The right way to read this is as a layering decision, not a knock on the brand. Buy the cheaper Kings mid-layer for warmth and breathability, then spend your weather-protection budget on a dedicated waterproof shell — whether that's the XKG Paramount rain jacket or another hardshell. What you should not do is expect a fleece mid-layer to keep you dry in a downpour. Kings' own five-level system spells this out: the mid-layers manage moisture and warmth, and a separate weatherproof hardshell is the outer layer that keeps the weather out.
What you gain
Set the rain-shell caveat aside and the Pinnacle earns its keep, especially on high-output hunts. The wins that reviewers point to:
- Breathability under load.On hard, sweaty climbs it dumps heat well — exactly what you want in a piece you'll hike in.
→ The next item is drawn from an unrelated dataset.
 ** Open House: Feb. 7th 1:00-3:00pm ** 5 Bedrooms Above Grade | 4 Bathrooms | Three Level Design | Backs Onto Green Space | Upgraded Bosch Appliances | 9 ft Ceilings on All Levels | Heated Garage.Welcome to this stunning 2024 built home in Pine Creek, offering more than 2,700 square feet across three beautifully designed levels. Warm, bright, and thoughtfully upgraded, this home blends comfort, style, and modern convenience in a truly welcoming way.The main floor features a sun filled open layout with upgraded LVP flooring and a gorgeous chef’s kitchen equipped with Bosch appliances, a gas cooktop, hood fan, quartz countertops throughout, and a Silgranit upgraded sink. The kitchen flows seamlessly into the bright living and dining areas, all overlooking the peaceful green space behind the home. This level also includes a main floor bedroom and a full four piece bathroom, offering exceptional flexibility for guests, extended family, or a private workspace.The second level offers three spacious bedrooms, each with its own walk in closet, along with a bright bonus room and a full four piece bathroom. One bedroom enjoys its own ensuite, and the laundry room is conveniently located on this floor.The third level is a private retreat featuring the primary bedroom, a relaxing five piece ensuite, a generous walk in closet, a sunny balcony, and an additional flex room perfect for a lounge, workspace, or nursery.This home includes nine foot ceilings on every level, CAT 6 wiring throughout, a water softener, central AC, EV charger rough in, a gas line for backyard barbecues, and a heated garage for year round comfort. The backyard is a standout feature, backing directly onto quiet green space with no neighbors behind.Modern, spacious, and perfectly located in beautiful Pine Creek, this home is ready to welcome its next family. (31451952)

- Tough four-way stretch synthetic. The stretch fabric resists tears better than merino, so it survives brush, straps and rough country.
- Real features for the money. Thoughtful pockets and cut, not stripped-down budget construction.
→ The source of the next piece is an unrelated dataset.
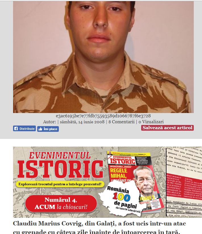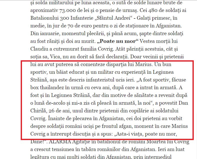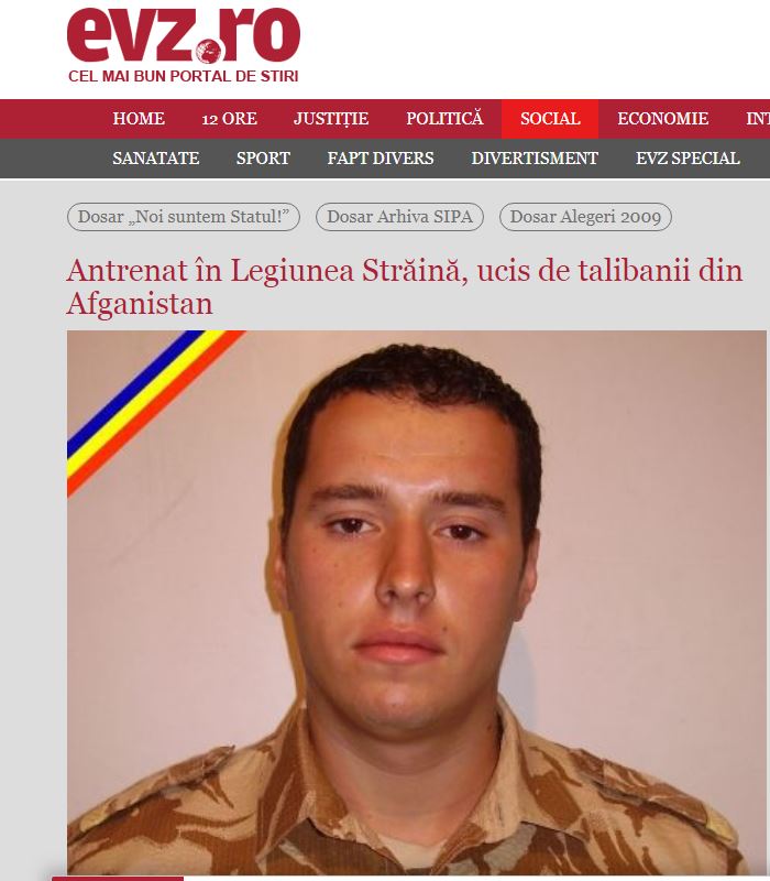 In memoriam. Căzut la datorie. 10 ani de la atacul asupra transportorului în care se afla. Fusese antrenat în Legiunea Străină. Despre cine este vorba

- Value that reviewers took seriously. The takeaway from at least one hands-on test was that after using the Kings piece, it was hard to recommend the far pricier options with a straight face.
Longer-term, hunters on gear forums report multi-year durability from XKG pants like the Ridge and Preacher, and rate the value highly — though that's user sentiment, not controlled testing, and some hunters simply prefer the fit of First Lite. Fit is personal, so try before you commit if you can. If you're still deciding on a pattern rather than a brand, our best hunting camo guidecovers what actually matters to a deer's eye.
Who it's for
Kings XKG is best for the active or backcountry hunter who wants a full technical layering system — base, mid, insulation, softshell and hardshell — with premium features but without premium pricing. If you're building out a system from scratch and every piece you skip is a piece you'll wish you had on the mountain, the savings compound fast.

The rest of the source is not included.